Congrats you're a lucky man with exquisite taste.


----------



## Freesail99 (Feb 13, 2006)

Very pretty boat, lots of luck.


----------



## soul searcher (Jun 28, 2006)

Wow VERY NICE


----------



## tenuki (Feb 11, 2007)

sweet! .


----------



## Giulietta (Nov 14, 2006)

See guys...HOW MANY TIMES DID I MENTION DEHLER TO YOU GUYS?????

You never listen to me....noooooo

CLICK HERE that's how many times....

but noooooooooooo what is good is 1563's Valiants, 1345's Passports, 1785's Pearsons, oh...and the esquisite 1892 Caliber and the 234BC Cabo Rico.....and the rest of the old stuff


----------



## blt2ski (May 5, 2005)

When did Dehler make a 33? I have only seen the 34's and 29's mentioned in smaler rigs. the new 34 looks nice.......

That is a pretty boat.

marty


----------



## Giulietta (Nov 14, 2006)

IIRC from 1995 to 2002. give or take.

They changed the hulls then


----------



## blt2ski (May 5, 2005)

Thanks Alex. I've really only seen the last 3 yrs info on them. So the 33 was a new one on me. 

marty


----------



## max-on (Mar 30, 2004)

Thank you for the kind words! I think Dehler was more popular in the US in the 1980s, especially the east coast racing scene with the DB / Optima series. The D33 was not imported to the US, I think this is the only one here, Dehler built about 120 D33s from 1996 to 2001; this was their first Judel / Vrolik design. Talking with other owners, I find that people buy and own a Dehler because they love to sail and they prioritize the sailing qualities and performance of the boats. Additionally, the designs offer much cruising comfort. I think it is unfortunate that they are not more popular in the US.

I am amazed when people here go on and on about a new J or C&C, when the new Dehler 44 (http://www.dehler.us/dehlers/44/index.html) and 34 (http://www.dehler.us/dehlers/34new/index.html) go largely unoticed.
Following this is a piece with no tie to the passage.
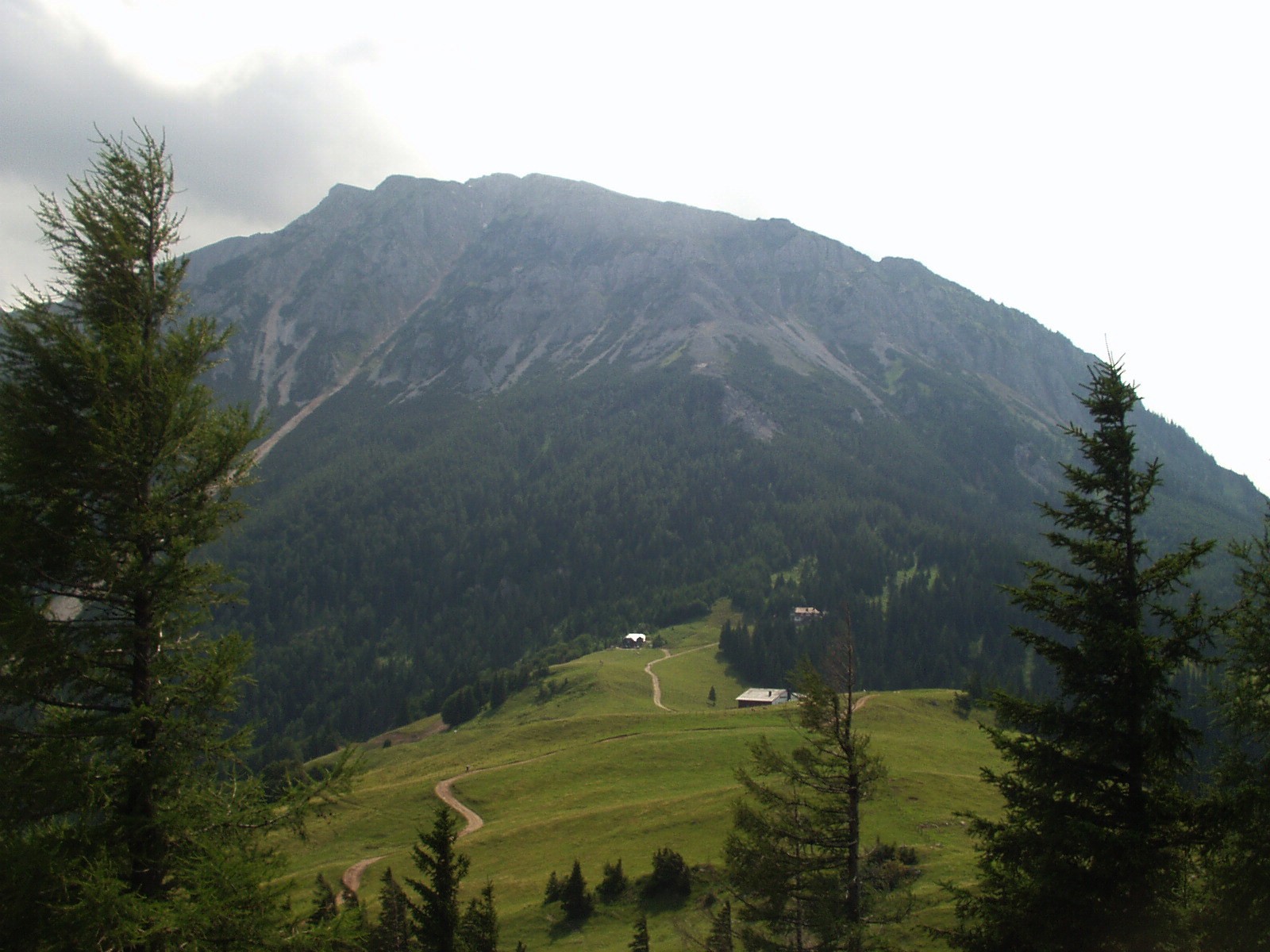 Nejrychlejší sestupová cesta vede přímo po skalní stěně, je jištěná řetězy a skobami, ale sám a bez horolezeckého vybavení si na ni netroufám, a tak volím okliku. Sestupuji do 1200 metrů a pak jdu víc než hodinu po úzkém lesním chodníku nad údolím. Zastavuju se u horského potoka a dělám si vydatný oběd, abych měl dost energie na náročné stoupání. Přitom vzpomínám, jak jsem šel po podobné trase před pár lety – tenkrát jsem přecházel mezi oběma masivy severní stranou, kde jsem musel sestoupit ještě o 400 metrů níž. Tady je to pohodlnější. Jsem rád, že tento den, kdy nejvíc z celé mé cesty pálí slunce, jsem se mohl několik hodin schovávat v lese. Ale brzy to skončí – vydávám se po úzkém klikatém chodníku vzhůru na Schneealpe.

I think it is a common problem in the US for many European builders. For example, I never heard about Malo until I viewed their new 37 at the Newport Boat Show this year.

As Alex asked, here are a few more photos.

This is when I first received the boat from Chicago, my first boat! She was sitting on land for over two years, no one wanted her.



















This is after I finished the bottom before the first launch.




























Her new home in Wickford, RI.










As you can see, the hull needed some cleaning-up, so next spring, I and the makita went to work.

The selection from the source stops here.